> DATA TO PROCESS
.....
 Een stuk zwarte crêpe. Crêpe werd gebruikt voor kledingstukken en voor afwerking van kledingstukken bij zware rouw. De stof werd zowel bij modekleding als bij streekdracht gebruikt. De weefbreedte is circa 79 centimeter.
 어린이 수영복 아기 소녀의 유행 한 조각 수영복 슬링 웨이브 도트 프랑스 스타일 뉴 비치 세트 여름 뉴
.....
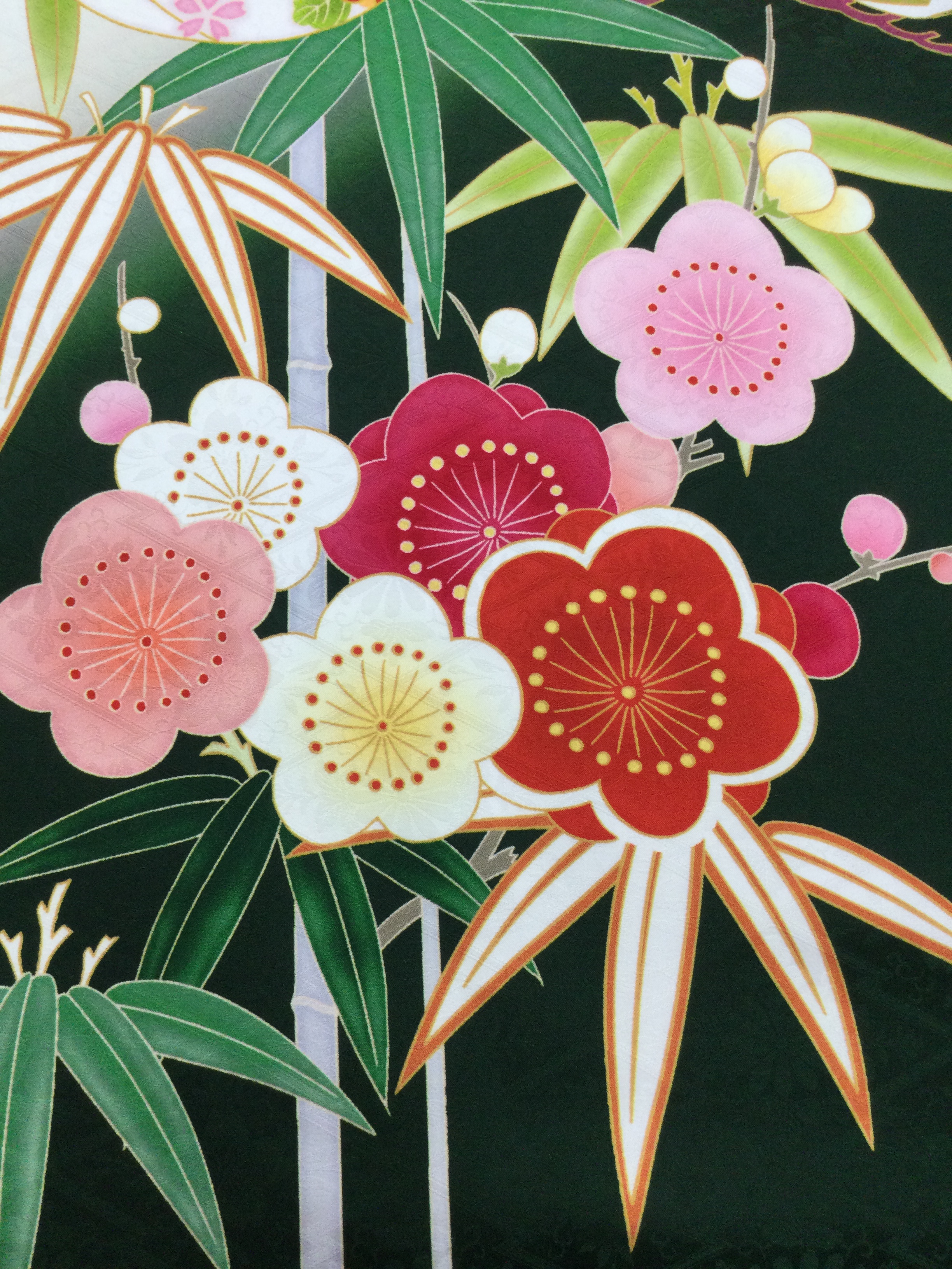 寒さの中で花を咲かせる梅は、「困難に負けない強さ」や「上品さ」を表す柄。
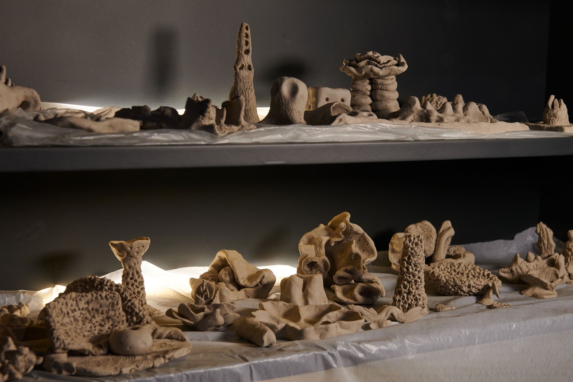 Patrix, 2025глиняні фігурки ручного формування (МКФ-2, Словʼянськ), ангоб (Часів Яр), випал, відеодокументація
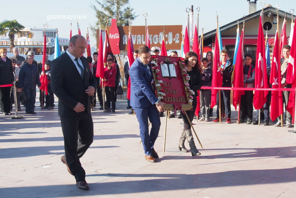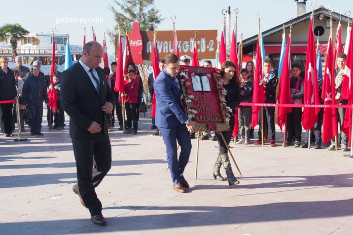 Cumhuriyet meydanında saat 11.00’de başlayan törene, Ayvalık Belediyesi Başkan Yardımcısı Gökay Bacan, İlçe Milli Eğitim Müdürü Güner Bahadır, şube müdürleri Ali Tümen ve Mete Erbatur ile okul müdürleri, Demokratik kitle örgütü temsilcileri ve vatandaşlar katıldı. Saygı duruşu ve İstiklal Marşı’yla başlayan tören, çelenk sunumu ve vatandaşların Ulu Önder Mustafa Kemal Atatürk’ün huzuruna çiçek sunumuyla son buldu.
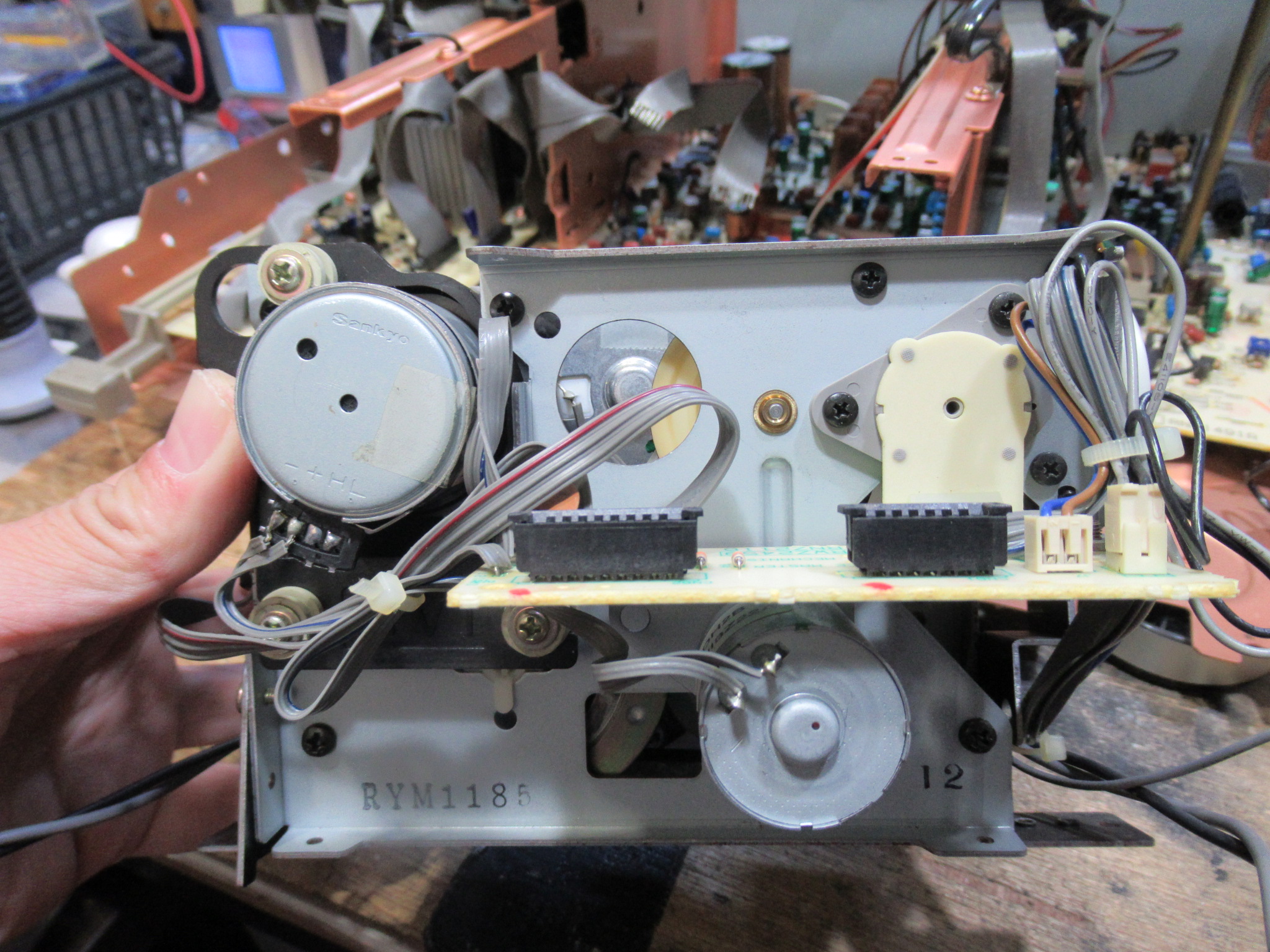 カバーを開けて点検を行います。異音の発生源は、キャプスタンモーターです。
.....
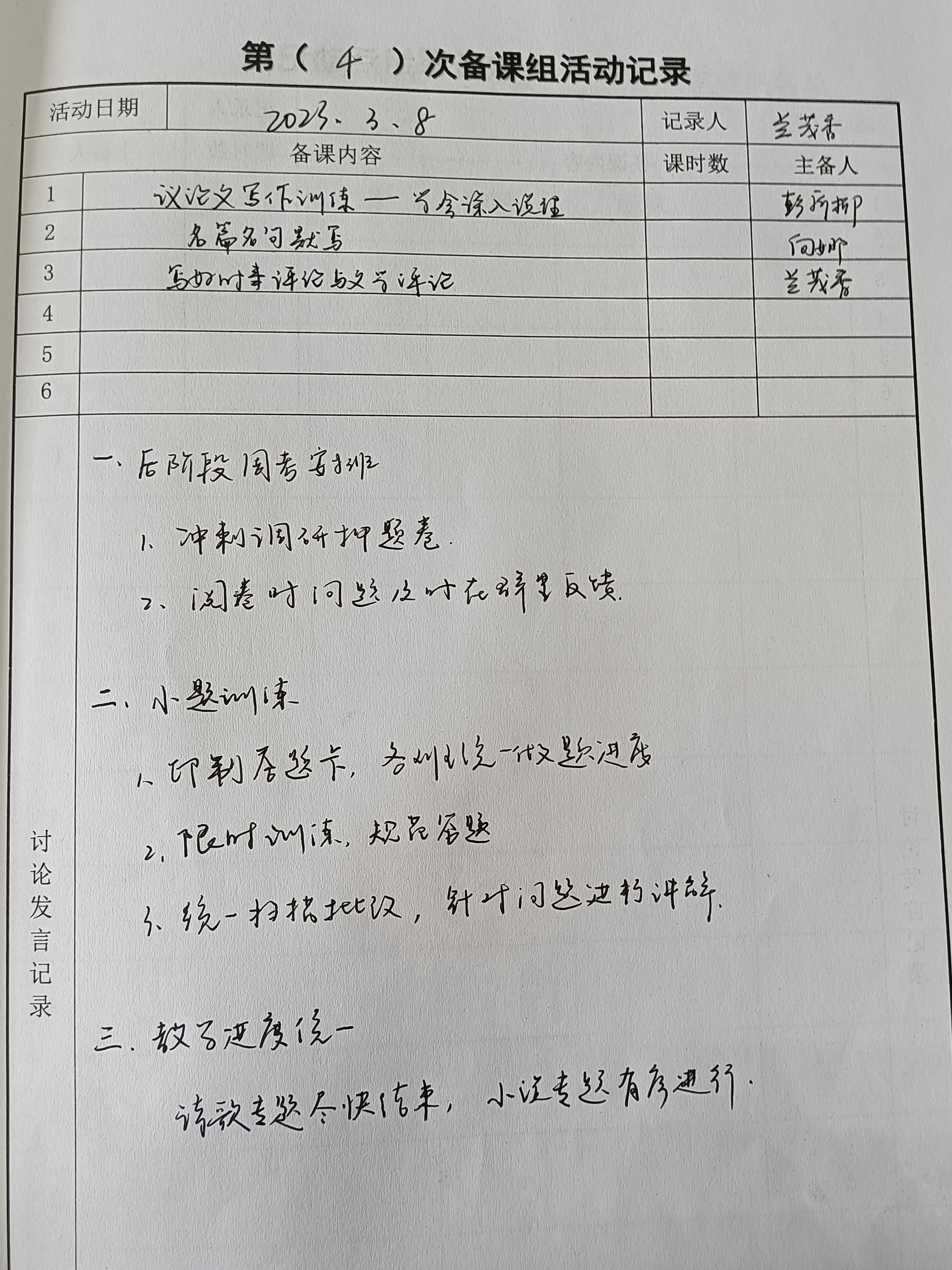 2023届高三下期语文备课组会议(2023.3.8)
.....
With the pictures removed from your copy, retype the lines above from the one that contains "寒さの中で花を咲かせる梅は、「困難に負けない強さ」や「上品さ」を表す柄。" through the one that contains "Patrix, 2025глиняні фігурки", exactly.

 寒さの中で花を咲かせる梅は、「困難に負けない強さ」や「上品さ」を表す柄。
 Patrix, 2025глиняні фігурки ручного формування (МКФ-2, Словʼянськ), ангоб (Часів Яр), випал, відеодокументація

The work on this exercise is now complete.